We see a doctor who tries to operate on a dead body: pulling out the intestines; the bladder, which squirts supposed urine at the audience; and finally the heart. A visitor is then ‘operated’ on, including being ‘trepanned’, having their ‘blood’ ‘let’, and having a hand amputated. As the blade falls on their hand, the lights go out, and air jets and water are aimed at the audience.

Traitor: Boat Ride to Hell

After being sentenced to death by the courtroom judge visitors are taken to an execution dock. The show is a boat ride, themed to replicate the last journey through Traitors’ Gate into the Tower of London. The ride is in almost total darkness, including the ascent the boat makes once it has gone beyond Traitors’ Gate. Riders rotate 90 degrees and are shot downhill into the dark sewers below. This ride incorporates sudden loud noises.

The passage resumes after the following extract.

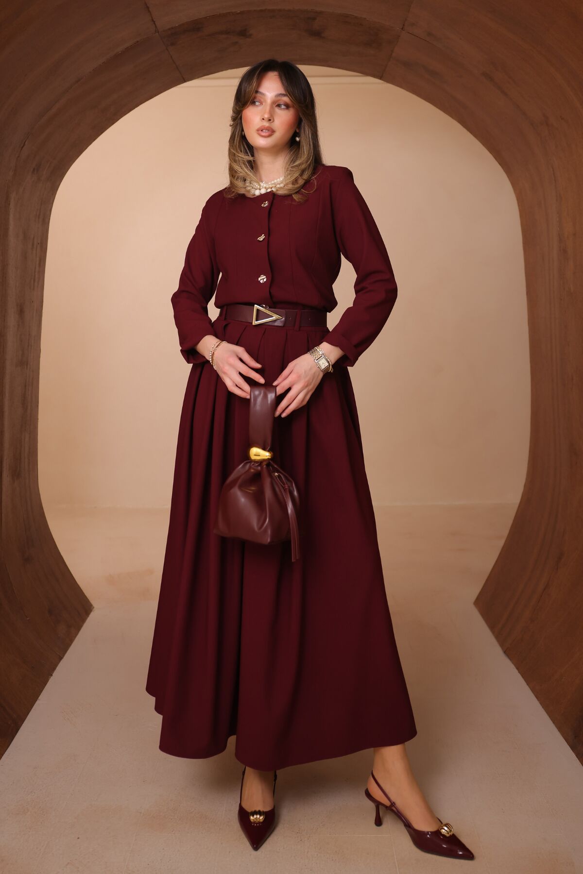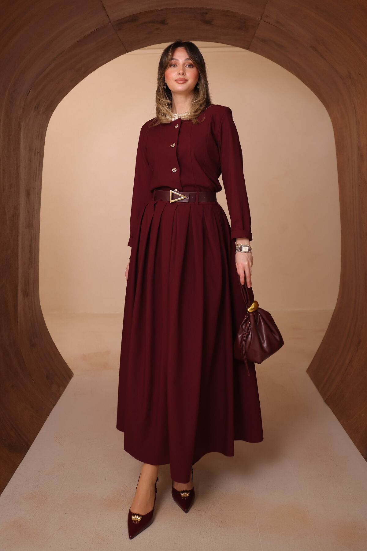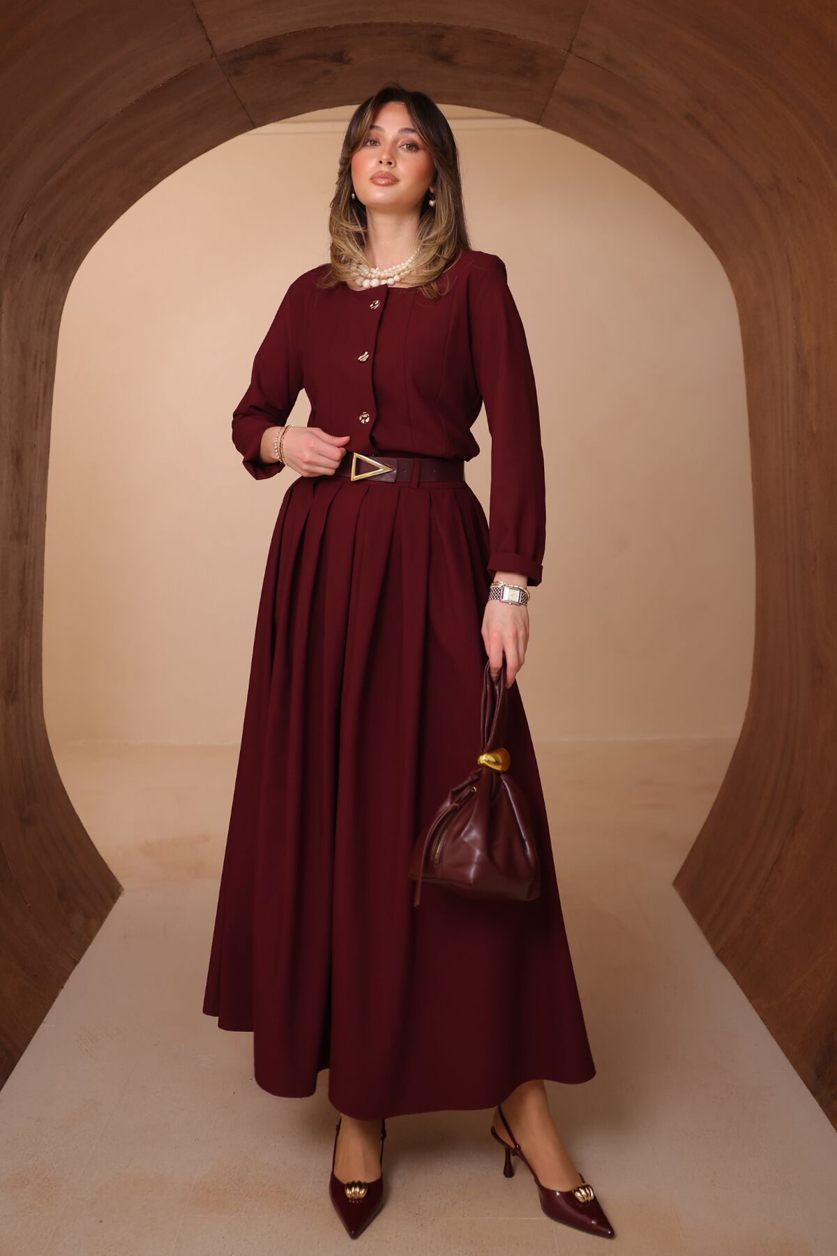 Balenbi Pileli Uzun Etek Kemerli Düğmeli Tesettür Kadın Takım 1200 - Form Serisi M/L - Bordo

Bloody Mary: Killer Queen (New for 2010)

Bloody Mary: Killer Queen opened during the February half-term period. After a short introduction to the story of Mary Tudor, also known as Bloody Mary, a visitor is sentenced to death by burning for heresy. Light, sound and smoke effects conceal the visitor who is replaced by a model of someone burnt to death, complete with dropping eyeball.

Great Fire of London

This exhibit is set in the year 1666, when much of London burnt to the ground in the relentless Great Fire of London that started down in Pudding Lane, from the Royal bakery. Visitors are shown a short educational film, in a set representation of the bakery.

Jack the Ripper

Set in Victorian London, an actor talks about the first three murders before leading visitors to a room where a short film mentions the next two. A third room then shows an autopsy, and various possible identities for the identity of ‘Jack’ are mentioned. As it is suggested that whoever it is, he is in Hell, a gas jet shoots out, warming the faces of visitors. Visitors are then led to a scene of a pub, ten years after the last murder. At the end of a talk, ‘Jack’ suddenly appears with a knife.

Sweeney Todd

After walking past Mrs. Lovett’s pie shop, and being greeted by Mrs. Lovett herself, they enter Sweeney Todd’s barber shop which is filled with seats. At the front is a chair with a covered up bloody model supposedly from having his throat cut. Visitors are seated in animatronic barbers’ chairs, and special effects are used to try to make them feel as if Sweeney Todd were right behind them, giving them a very close shave. Afterwards the chair is pulled back, as if falling into a cellar (which is what Sweeney would do with his victims). This attraction incorporates the same binaural audio technology that Walt Disney World’s Alien Encounter used. Sweeney Todd was supposedly a barber that was around in the mid 18th century. He of sometimes is known as "The Demon Barber Of Fleet Street", and slit the throats of his customers with his razors, supposedly giving the carcasses to Mrs. Lovett to be baked into large pies. Despite the Dungeons’ claim to base their exhibits on historical fact, it is almost certain that Sweeney Todd never existed.